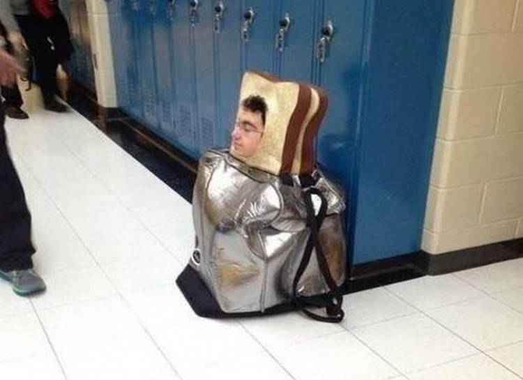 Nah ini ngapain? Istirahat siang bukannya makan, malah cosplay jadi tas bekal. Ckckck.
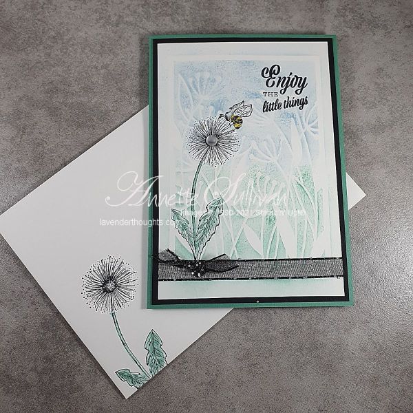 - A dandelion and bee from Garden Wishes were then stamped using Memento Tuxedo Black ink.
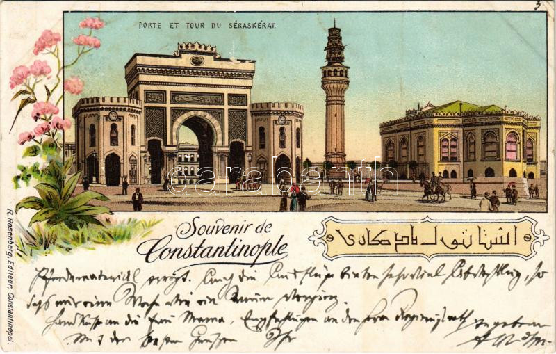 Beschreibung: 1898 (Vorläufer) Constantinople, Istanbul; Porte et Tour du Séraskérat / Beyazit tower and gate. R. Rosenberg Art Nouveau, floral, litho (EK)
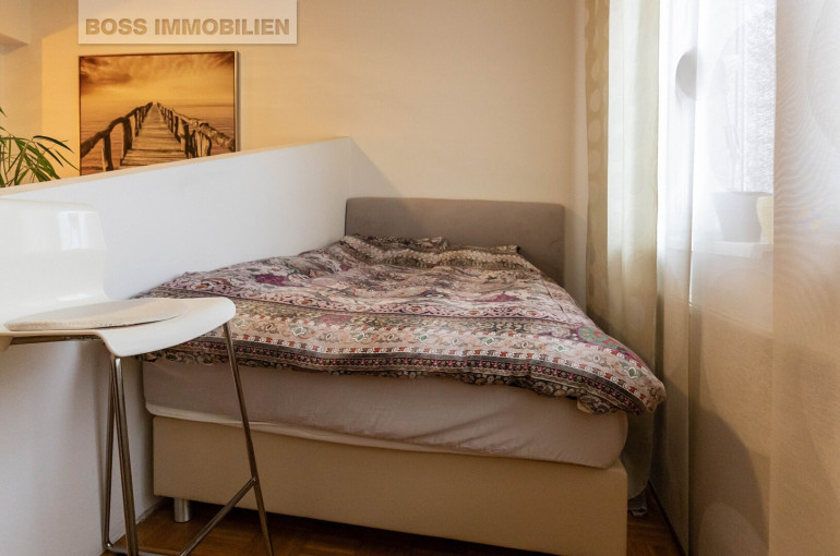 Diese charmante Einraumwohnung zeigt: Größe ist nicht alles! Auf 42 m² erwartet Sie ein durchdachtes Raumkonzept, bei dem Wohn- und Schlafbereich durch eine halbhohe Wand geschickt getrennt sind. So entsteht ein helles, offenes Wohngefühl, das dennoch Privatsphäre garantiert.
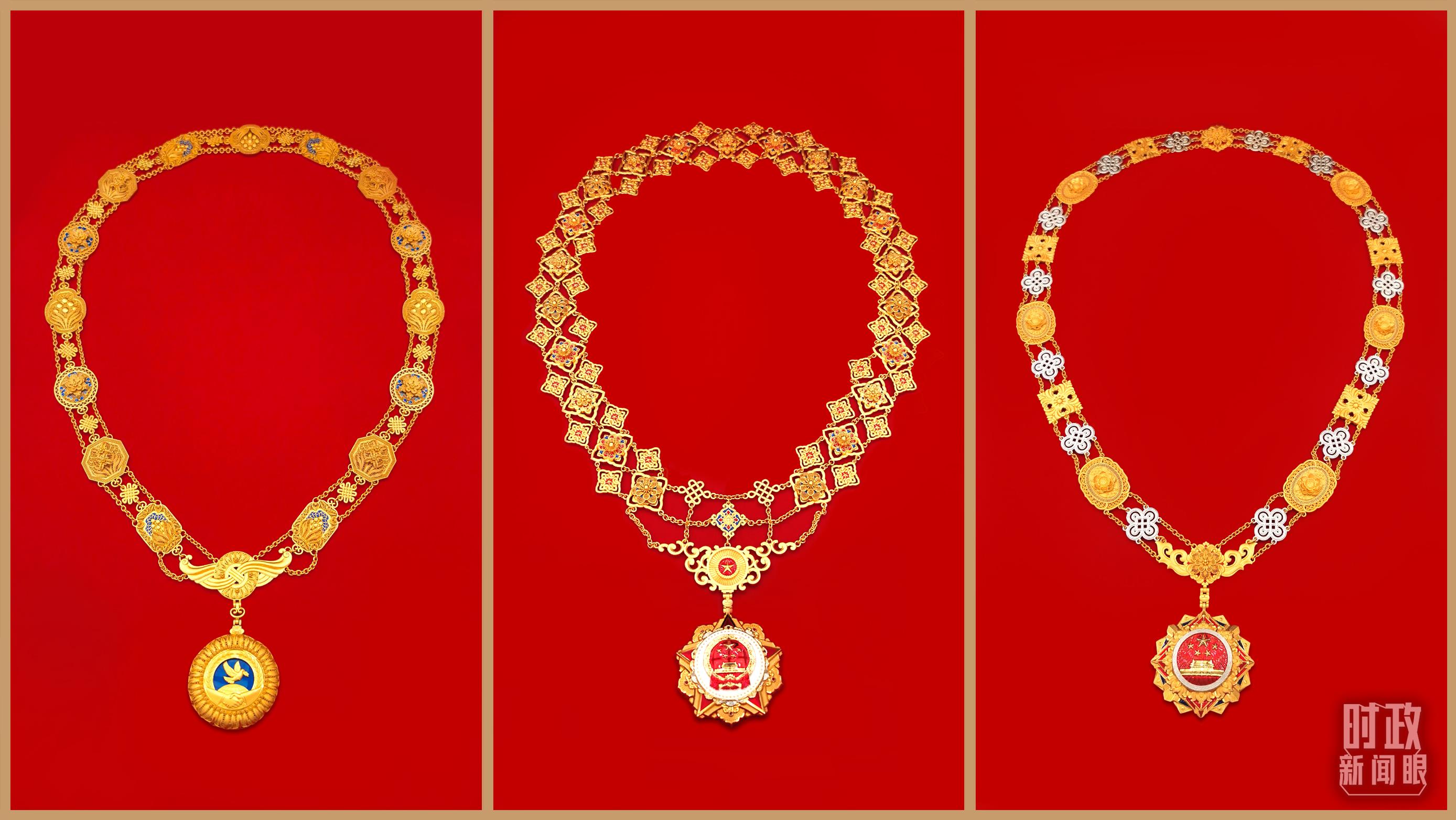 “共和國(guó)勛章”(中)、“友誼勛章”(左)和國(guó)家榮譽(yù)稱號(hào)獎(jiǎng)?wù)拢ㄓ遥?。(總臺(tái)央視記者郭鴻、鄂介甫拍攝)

### [TASK]
Print all the material above exactly, and drop the images.

### [EXERCISE RESULT]
 Nah ini ngapain? Istirahat siang bukannya makan, malah cosplay jadi tas bekal. Ckckck.
 - A dandelion and bee from Garden Wishes were then stamped using Memento Tuxedo Black ink.
 Beschreibung: 1898 (Vorläufer) Constantinople, Istanbul; Porte et Tour du Séraskérat / Beyazit tower and gate. R. Rosenberg Art Nouveau, floral, litho (EK)
 Diese charmante Einraumwohnung zeigt: Größe ist nicht alles! Auf 42 m² erwartet Sie ein durchdachtes Raumkonzept, bei dem Wohn- und Schlafbereich durch eine halbhohe Wand geschickt getrennt sind. So entsteht ein helles, offenes Wohngefühl, das dennoch Privatsphäre garantiert.
 “共和國(guó)勛章”(中)、“友誼勛章”(左)和國(guó)家榮譽(yù)稱號(hào)獎(jiǎng)?wù)拢ㄓ遥?。(總臺(tái)央視記者郭鴻、鄂介甫拍攝)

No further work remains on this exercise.